WHAT YOU WILL DO:
Set down the data below without change, skipping the pictures it holds.

SOURCE DATA:
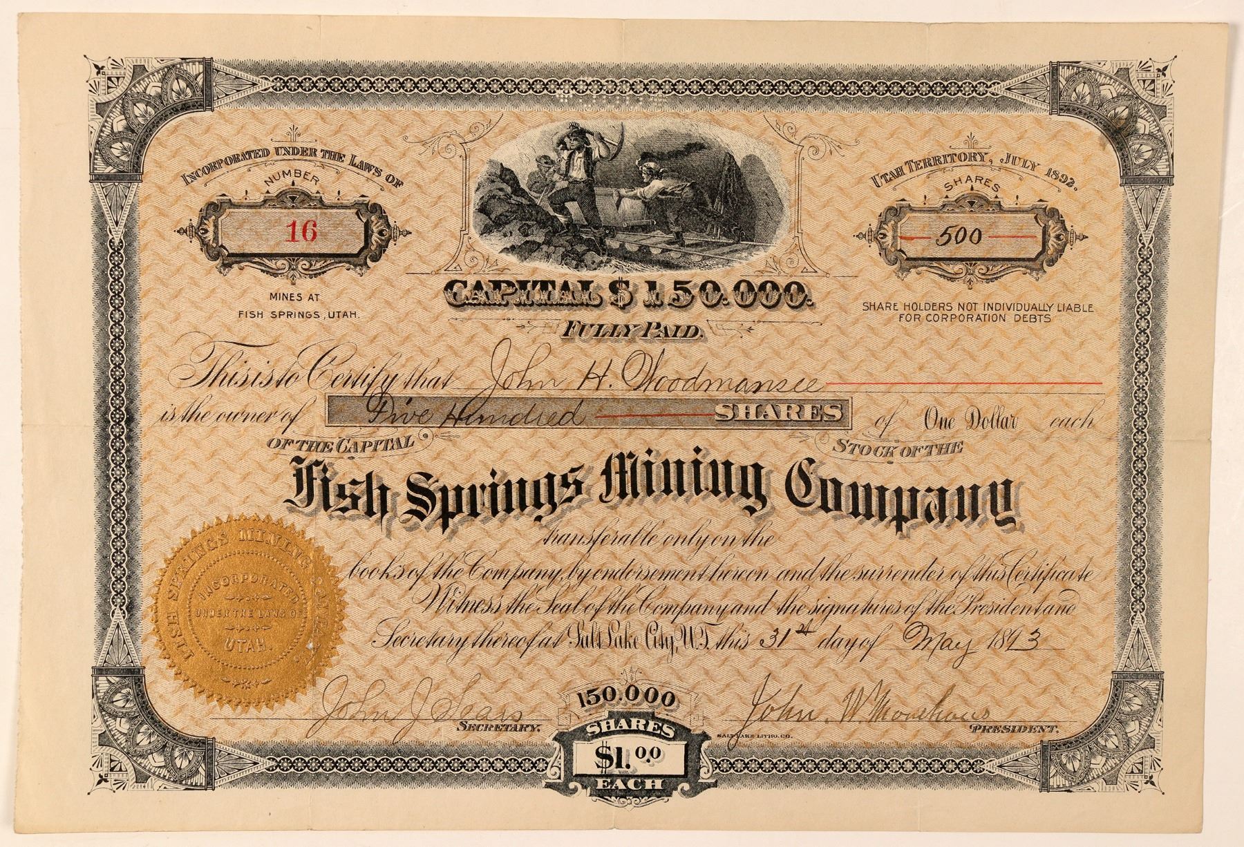 Mines at Fish Springs, Utah (printed upper left). Inc. in Utah Territory, July 1892. No. 16, issued for 500 shares to John H. Woodmansee on May 31st, 1893 in SLC. Signed by president and secretary (John J. Sears). Not cancelled. Black border and print, gold seal. Brown background, mining vignette. Printed by Salt Lake Litho Co. Deep horizontal and vertical folds, other light wear. 7.75 x 11.5" The Fish Springs District was in Juab County. Significant mines in the district included the Galena, Carbonate, and Utah. Ken Prag Collection
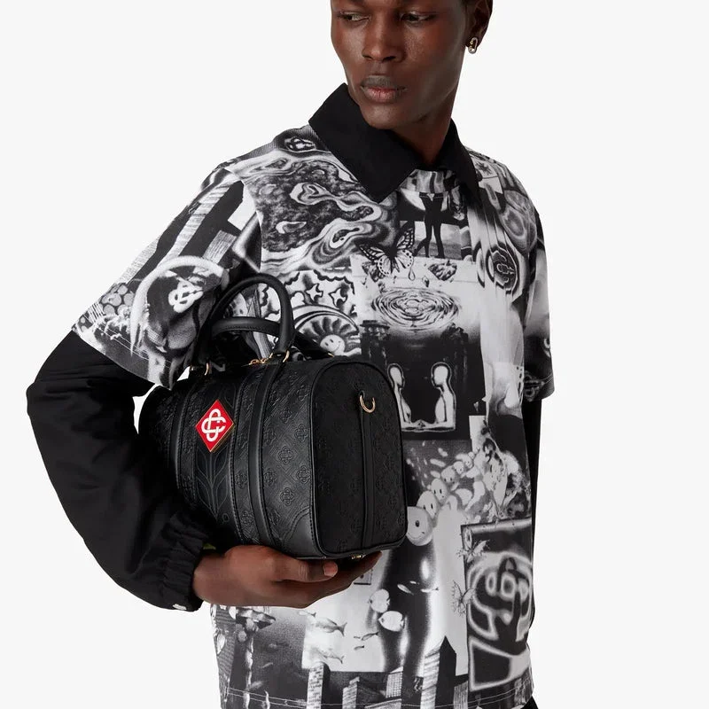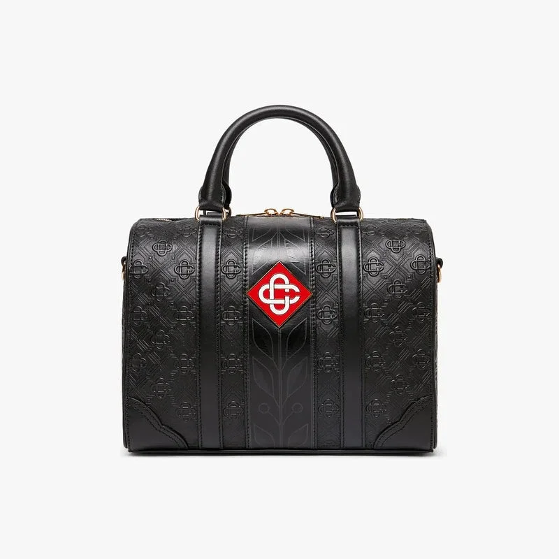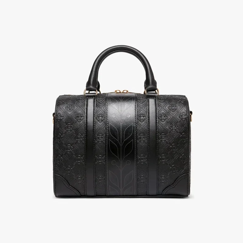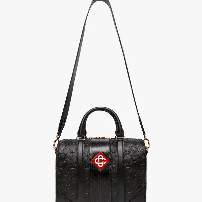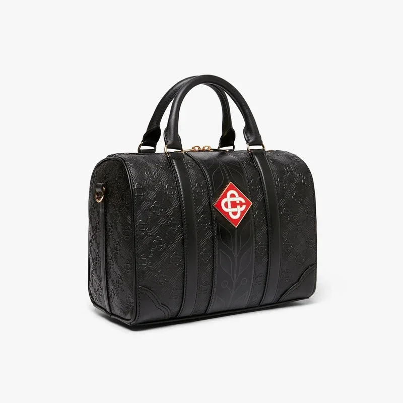 De zwarte Mini Monogram Weekender-tas is vervaardigd uit Italiaans leer en versierd met het kenmerkende diamantlogo van het huis op de zijkant. Afgewerkt met het kenmerkende laurierbladmotief van het huis, handvatten, een ritssluiting, een schouderriem, een binnenvak en messing beslag. Geleverd met een geschenkdoos van het merk Casablanca, een stofzak en een productinformatieboekje.
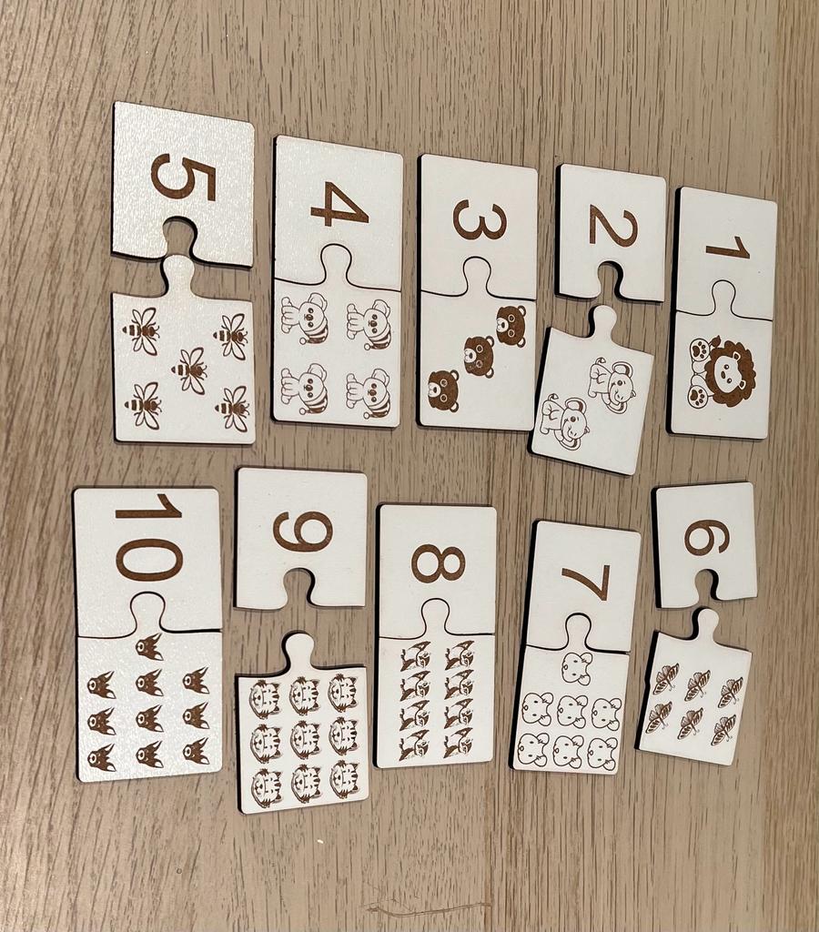 Puzzle animaux éducatif en bois pour apprendre à compter les chiffres et connaitre les noms des animaux.

FINISHED EXERCISE:
 Mines at Fish Springs, Utah (printed upper left). Inc. in Utah Territory, July 1892. No. 16, issued for 500 shares to John H. Woodmansee on May 31st, 1893 in SLC. Signed by president and secretary (John J. Sears). Not cancelled. Black border and print, gold seal. Brown background, mining vignette. Printed by Salt Lake Litho Co. Deep horizontal and vertical folds, other light wear. 7.75 x 11.5" The Fish Springs District was in Juab County. Significant mines in the district included the Galena, Carbonate, and Utah. Ken Prag Collection
 De zwarte Mini Monogram Weekender-tas is vervaardigd uit Italiaans leer en versierd met het kenmerkende diamantlogo van het huis op de zijkant. Afgewerkt met het kenmerkende laurierbladmotief van het huis, handvatten, een ritssluiting, een schouderriem, een binnenvak en messing beslag. Geleverd met een geschenkdoos van het merk Casablanca, een stofzak en een productinformatieboekje.
 Puzzle animaux éducatif en bois pour apprendre à compter les chiffres et connaitre les noms des animaux.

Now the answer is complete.